While working at Ground Zero, Megan started Live From the WTC, a blog focused on economics, business, and cooking. She may or may not have been the first major economics blogger, depending on whether we are allowed to throw outlying variables such as Brad Delong out of the set. From there it was but a few steps down the slippery slope to freelance journalism. She has worked in various capacities for The Economist, where she wrote about economics and oversaw the founding of Free Exchange, the magazine's economics blog. She has also maintained her own blog, Asymmetrical Information, which moved to The Atlantic, along with its owner, in August 2007.

Megan holds a bachelor's degree in English literature from the University of Pennsylvania and an M.B.A. from the University of Chicago.
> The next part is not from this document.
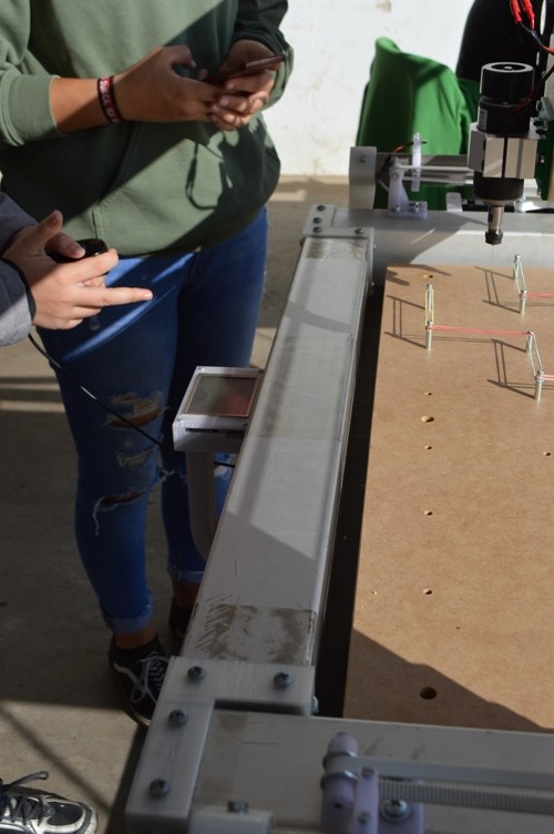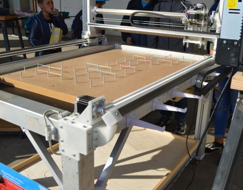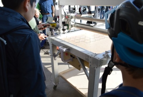 Als Alternative für einen bedeckten Himmel, bei dem die Solarautos nicht fahren können, brachte die ERS mehrere 3D Drucker, die im Betrieb vorgestellt wurden, und eine von Herrn Müller selbst gebaute CNC Portalfräsmaschine mit, an der die Schülerinnen und Schüler ein Labyrinth auf Zeit durchfahren sollten.

After a lifetime as a New Yorker, she now resides in northwest Washington, D.C., where she is still trying to figure out what one does with an apartment larger than 400 square feet.

Goldman's Fabulous Quarter

By Megan McArdle
Jul 14 2009, 11:01 AM ET Comment

Even more fabulous than the sky-high forecasts, as Clusterstock lays out.  This is not actually hugely surprising, given that three of their biggest competitors went out of business or were acquired in the last year; as financial markets unfroze, Goldman, which had one of the cleanest balance sheets, was bound to see a hefty increase in their profits.
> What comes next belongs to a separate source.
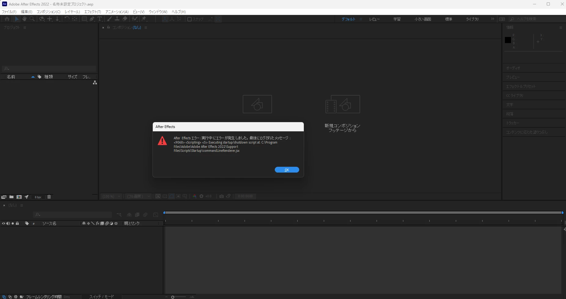 After Effects エラー : 実行中にエラーが発生しました。最後にログされたメッセージ :
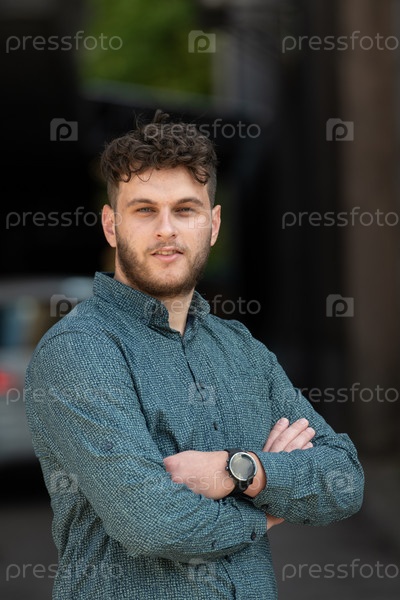 Успешный молодой бизнесмен в рубашке, скрестив руки, позирует на открытом воздухе с уверенным выражением лица

Still, the populists are bound to make hay out of this, and it's hard to blame them.  It is true that Goldman probably did not need the federal funds it accepted; Bernanke and Paulson pushed healthy banks to take funds as well as sick.   The idea was that if only the sick banks got money, that would send a strong signal to the market that they were in danger, and trigger the very run the feds were trying to prevent.

On the other hand, as Matt Yglesias and others have pointed out, whether they want to be or not, banks like JP Morgan and Goldman have gotten a great deal out of the government interventions.  For starters, they were the first and biggest beneficiaries of having the financial markets not collapse.  And now they enjoy an implicit guarantee that Uncle Sam will not let them fail because they are simply too important.  That is a very valuable and profitable guarantee to have.

I genuinely don't know what to do about this.  The libertarian answer is that the government should make a credible committment not to bail out banks.  I'm pretty sure that's a bad policy idea, but leave that aside; the government can't make that committment, because politicians cannot committ their future counterparts to action.  And I guarantee that if there is another crisis, politicians will intervene rather than risk another Great Depression.

Nor is the answer simply regulation.  A lot of that revenue is perfectly sound, boring stuff we want them to do, like underwriting equities.  I don't know where the government would get the legal authority to cap either their volume, or the salaries they pay their workers.  But that doesn't stop it from rankling.